### What you will do
Repeat exactly the lines of the records below, starting at the line containing "Next, we test" and ending at the line containing "交易策略:0.66901下方看跌,目标0.66700、0.66530". Leave the pictures out.
** Entries provided follows **
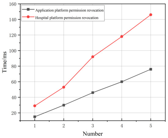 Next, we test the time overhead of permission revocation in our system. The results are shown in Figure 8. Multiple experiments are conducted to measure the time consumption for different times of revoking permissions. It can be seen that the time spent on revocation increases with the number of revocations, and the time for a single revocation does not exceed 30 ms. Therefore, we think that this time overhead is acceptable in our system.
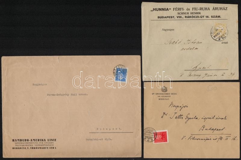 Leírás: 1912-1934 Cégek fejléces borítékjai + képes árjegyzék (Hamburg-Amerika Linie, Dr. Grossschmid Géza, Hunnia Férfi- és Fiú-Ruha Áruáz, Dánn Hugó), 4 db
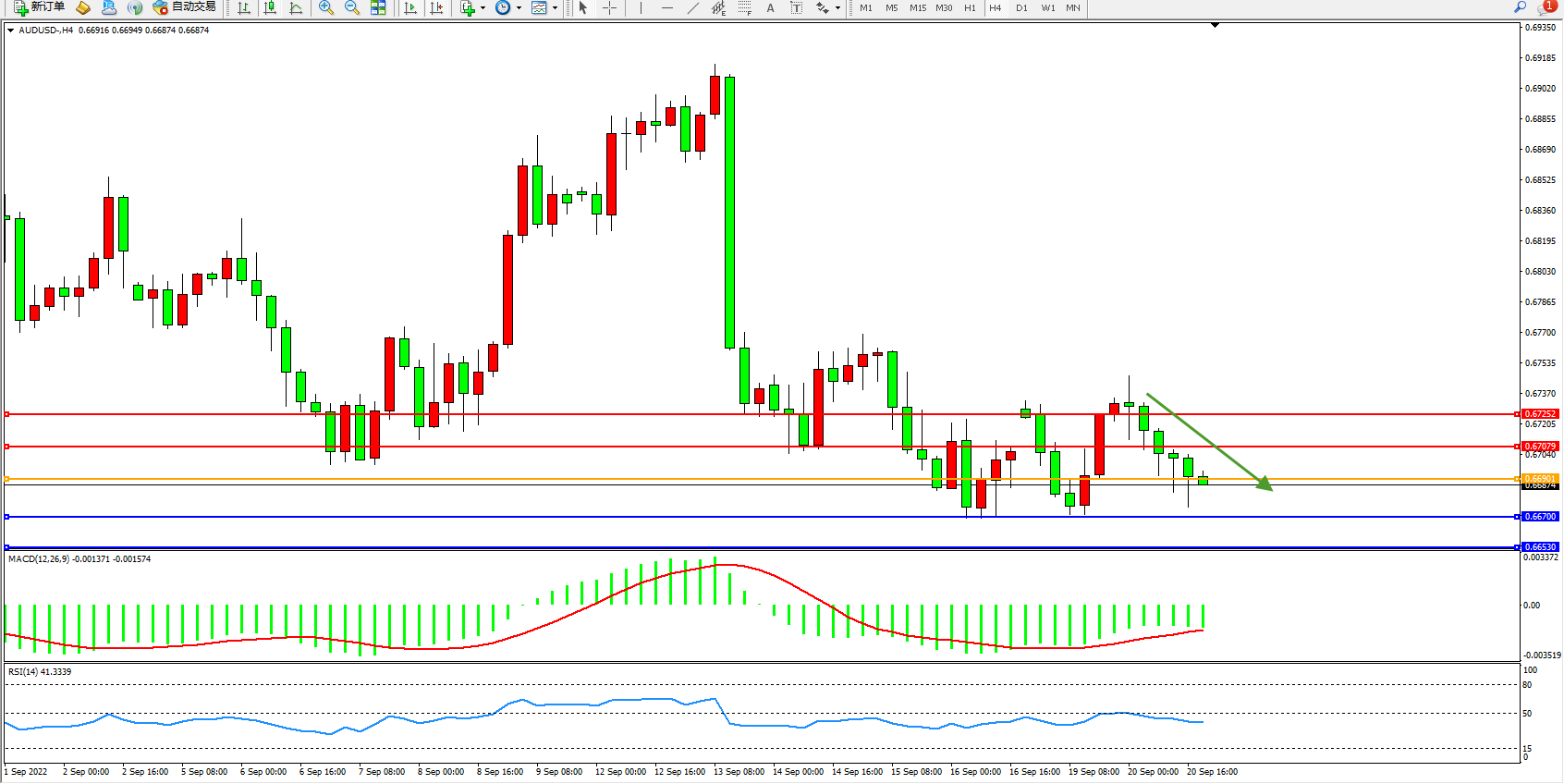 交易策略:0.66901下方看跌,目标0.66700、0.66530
** End of Entries provided **
** Entries provided follows **
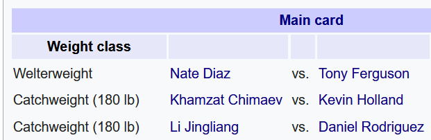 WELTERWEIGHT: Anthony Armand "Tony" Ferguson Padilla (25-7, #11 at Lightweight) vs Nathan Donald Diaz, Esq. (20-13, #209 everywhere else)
** End of Entries provided **
** Entries provided follows **
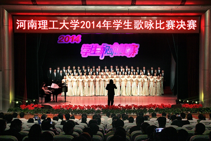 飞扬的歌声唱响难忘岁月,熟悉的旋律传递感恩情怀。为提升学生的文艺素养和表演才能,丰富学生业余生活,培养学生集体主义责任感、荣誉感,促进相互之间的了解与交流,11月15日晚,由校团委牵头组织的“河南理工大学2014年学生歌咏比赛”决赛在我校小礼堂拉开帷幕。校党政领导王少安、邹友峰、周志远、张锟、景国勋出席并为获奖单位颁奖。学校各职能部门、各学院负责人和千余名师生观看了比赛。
** End of Entries provided **
### Output for this task
 Next, we test the time overhead of permission revocation in our system. The results are shown in Figure 8. Multiple experiments are conducted to measure the time consumption for different times of revoking permissions. It can be seen that the time spent on revocation increases with the number of revocations, and the time for a single revocation does not exceed 30 ms. Therefore, we think that this time overhead is acceptable in our system.
 Leírás: 1912-1934 Cégek fejléces borítékjai + képes árjegyzék (Hamburg-Amerika Linie, Dr. Grossschmid Géza, Hunnia Férfi- és Fiú-Ruha Áruáz, Dánn Hugó), 4 db
 交易策略:0.66901下方看跌,目标0.66700、0.66530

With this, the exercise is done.